Democratização do acesso à Cultura através do conhecimento do património nacional é o objetivo, mas quatro personalidades destacam diferentes necessidades e caminhos. Estratégia de longo prazo e criatividade são conceitos-chave nesta área

alexandre_delmar

Joaquim Ruivo, diretor do Mosteiro da Batalha

Em termos genéricos sobre a área da Cultura, aponta "a falta de visão estratégica", a incapacidade para "articular em complementaridade os paradigmas da 'democratização da cultura' e da 'democracia cultural'" - "Ainda estamos muito no primeiro paradigma, já discutido desde os anos 50 por esse mundo fora, que pressupõe uma visão hierarquizada da cultura, a cultura erudita, a que merece, pela sua 'qualidade" ser mostrada, difundida por todos".

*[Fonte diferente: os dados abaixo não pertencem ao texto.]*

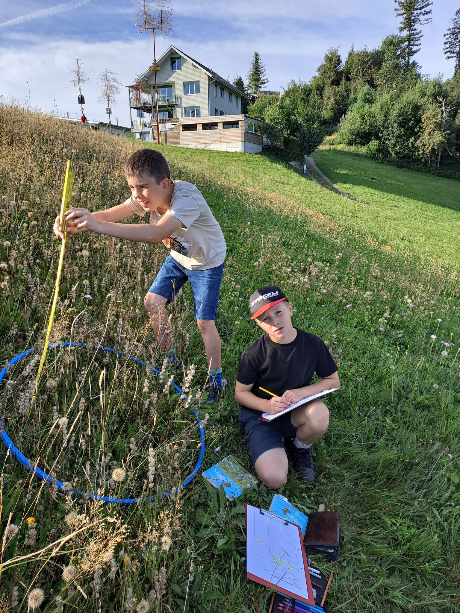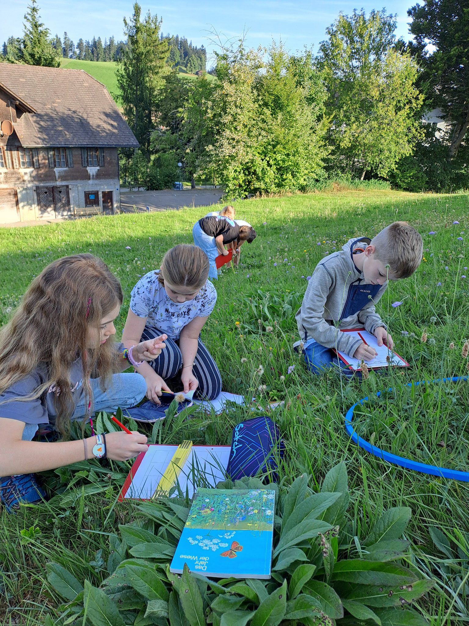 Die Beobachtungen auf der Wiese zeigt die schöne Vielfalt der Wiesenblumen. Die Schülerinnen und Schüler erkennen die hohe Biodiversität der Bergwiese. Unter dem Boden finden sie allerlei Getier: Insekten, Schnecken, Spinnen, Krebse. Die Becherlupen sind dazu ein ideales Instrument. Die Schülerinnen und Schüler zeigen einander mit Begeisterung, was sie beobachten. Sie dokumentieren ihre Funde und machen sie den anderen zugänglich.
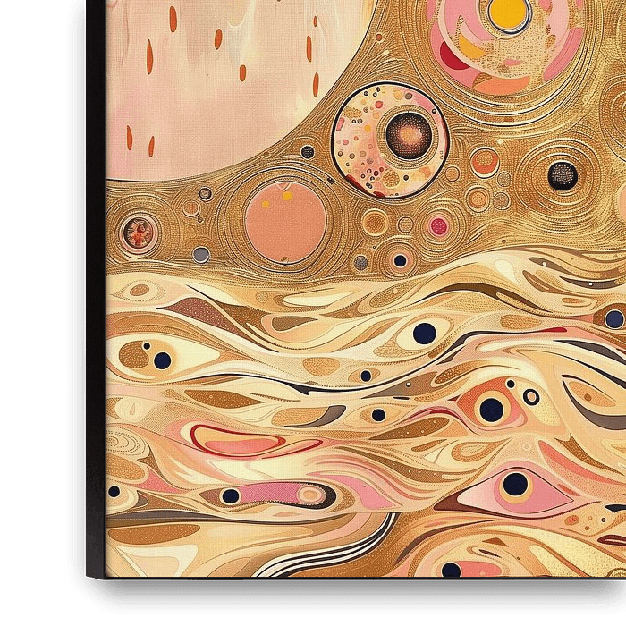 "Kaleidoscopic Dreams" ist ein raffiniertes Stück, bei dem sanfte Pastellfarben und reiche goldene Kreise zu einem hypnotischen Muster verschmelzen. Die lange, schlanke Form ist ideal, um einem Raum ein Gefühl von Eleganz und Länge zu verleihen, zum Beispiel in einem Arbeitszimmer oder hinter einem Esstisch. Es bietet eine moderne…
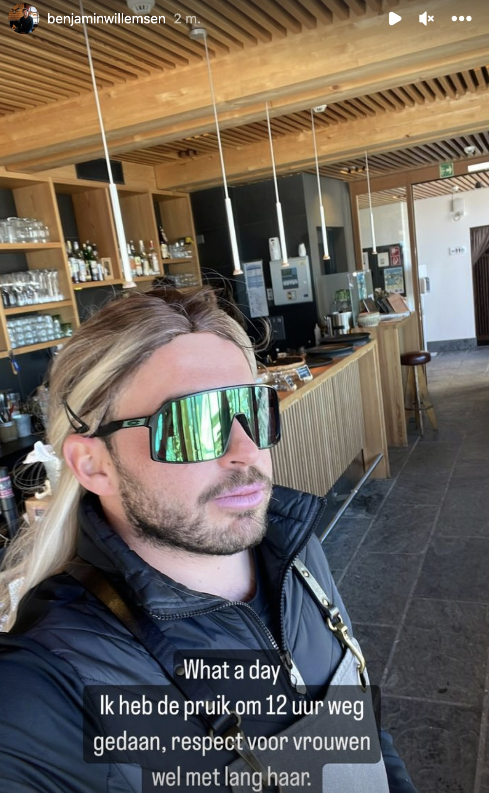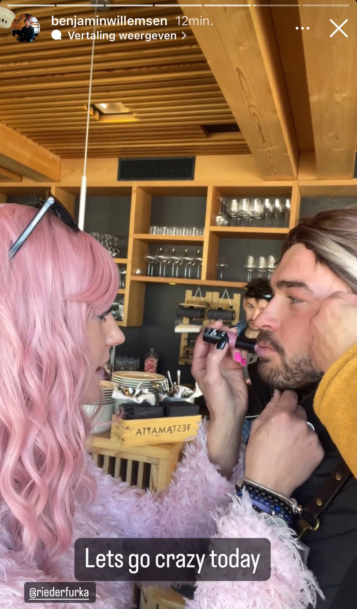 Op zijn Instagram-account neemt Benjamin zijn volgers mee naar een bijzonder moment. Benjamin is voor een feestje namelijk omgetoverd tot vrouw. Op zijn Instagram story zien we dat Benjamin een lange pruik draagt en roze lippenstift op heeft. Hij schrijft erbij: “Let’s go crazy today.”
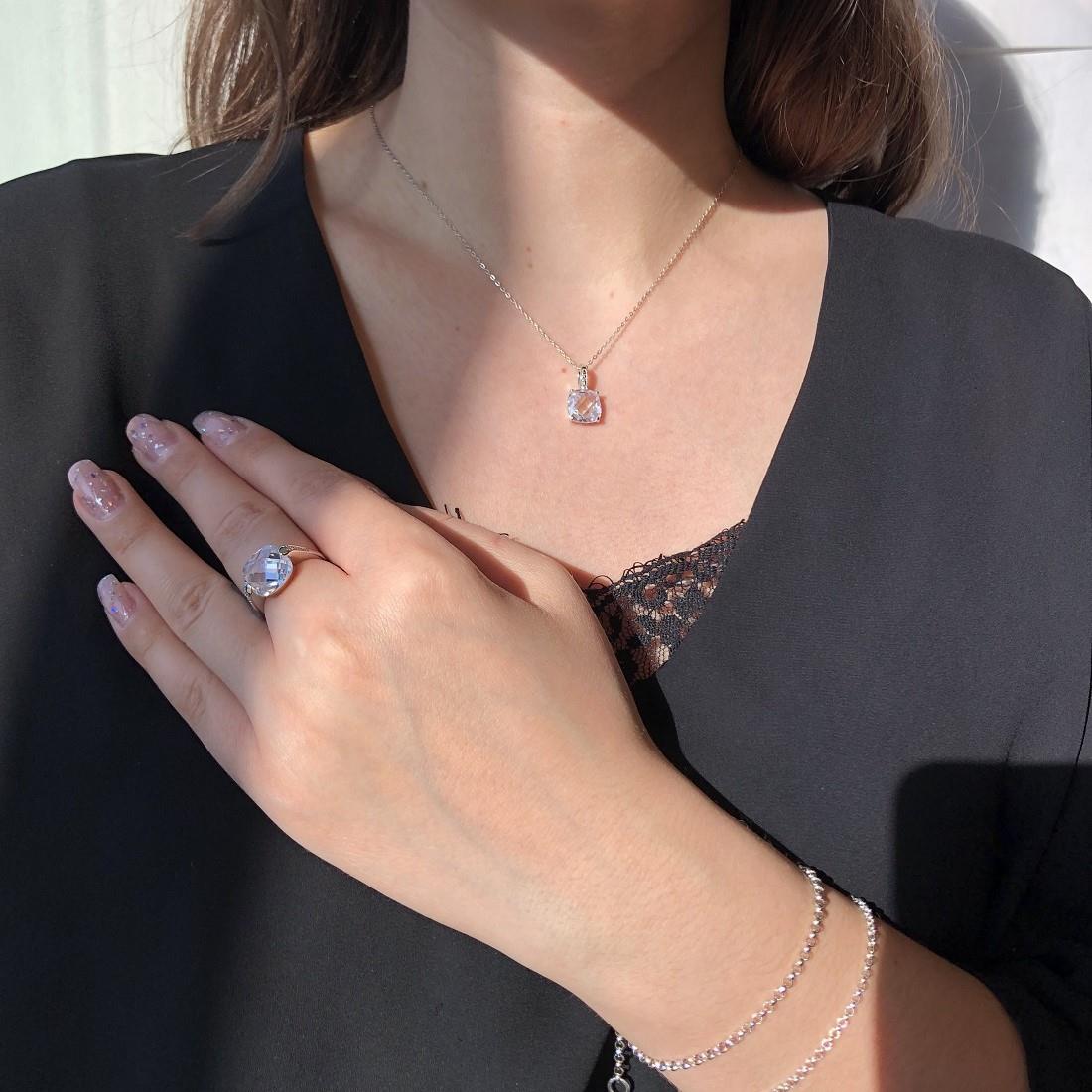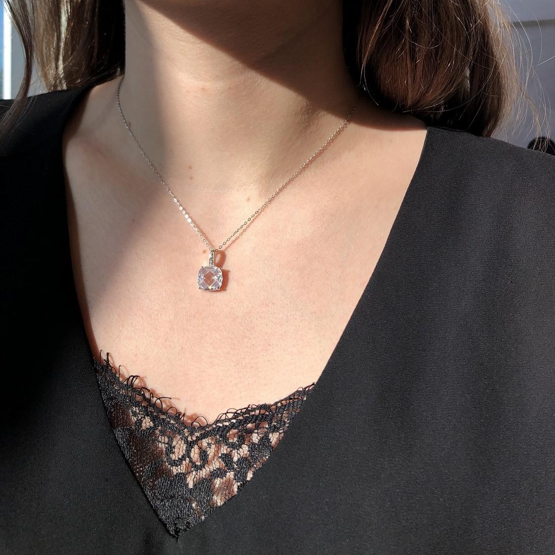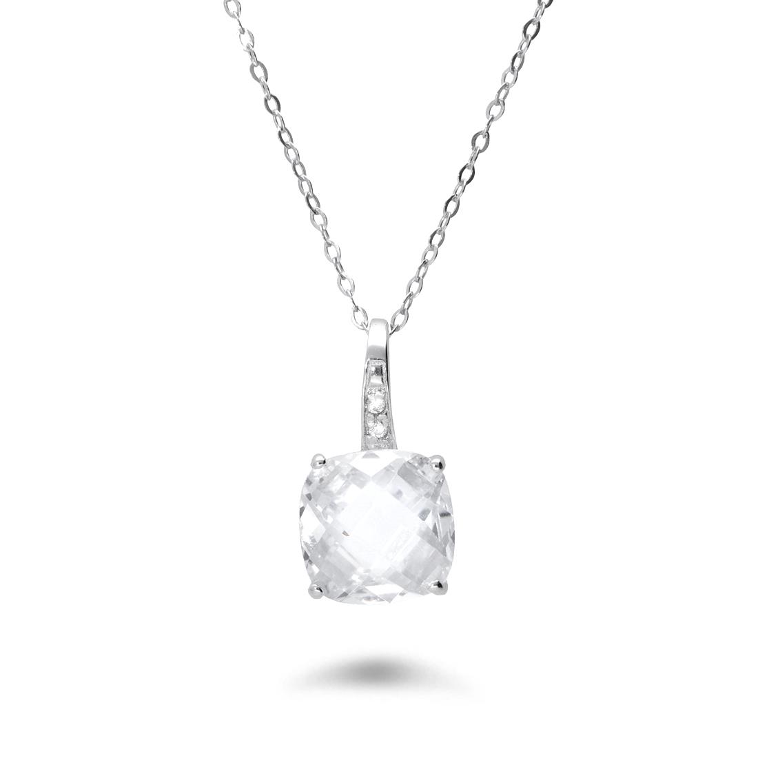 Collana Oro&Co925 in argento con pietra quadrata trasparente. Lunghezza regolabile da 38 a 40 cm.

"Não havendo um pacto para o futuro, não há estratégias de educação para o património, não há um encontro vinculativo e emocionante com as novas gerações. Os recursos serão sempre escassos porque falta sensibilidade e conhecimento aos decisores políticos. Tem que haver com urgência planos de ação de longo prazo entre cultura e educação", afirma.

Defende ainda que "a autonomia funcional - que pressupõe também a utilização das receitas próprias na gestão do património, mas sobretudo autonomia que permita, com os meios suficientes, promover processos colaborativos, criar conselhos consultivos, envolver a comunidade, ter capacidade e meios de promover a investigação e publicar os estudos, nomeadamente estudos regulares de públicos". "No âmbito do Património imóvel a grande revolução seria dar alguns monumentos e museus nacionais o mesmo estatuto que têm os teatros nacionais", conclui.

António Pinto Ribeiro, programador cultural

"Em cinquenta anos de democracia nunca nenhum Ministério da Cultura ou secretaria de Estado dispuseram de um orçamento tão elevado quanto goza o atual ministro por via das verbas provindas do PRR. Esta situação única e irrepetível a médio e a longo prazo devia acautelar para os trabalhos de uma reforma ousada e radical de estruturação de políticas culturais assentes numa visão de produção, disseminação, recepção e internacionalização da produção cultural feita a partir do território nacional e das diásporas.

Temo que o que está a ser levado a cabo sejam respostas a soluções imediatas e a uma continuada prática de viés assistencialista, nomeadamente no sector das artes contemporâneas. A continuar assim, a ressaca, passados os anos do benefício PRR, regressaremos a situações ainda de maior precaridade."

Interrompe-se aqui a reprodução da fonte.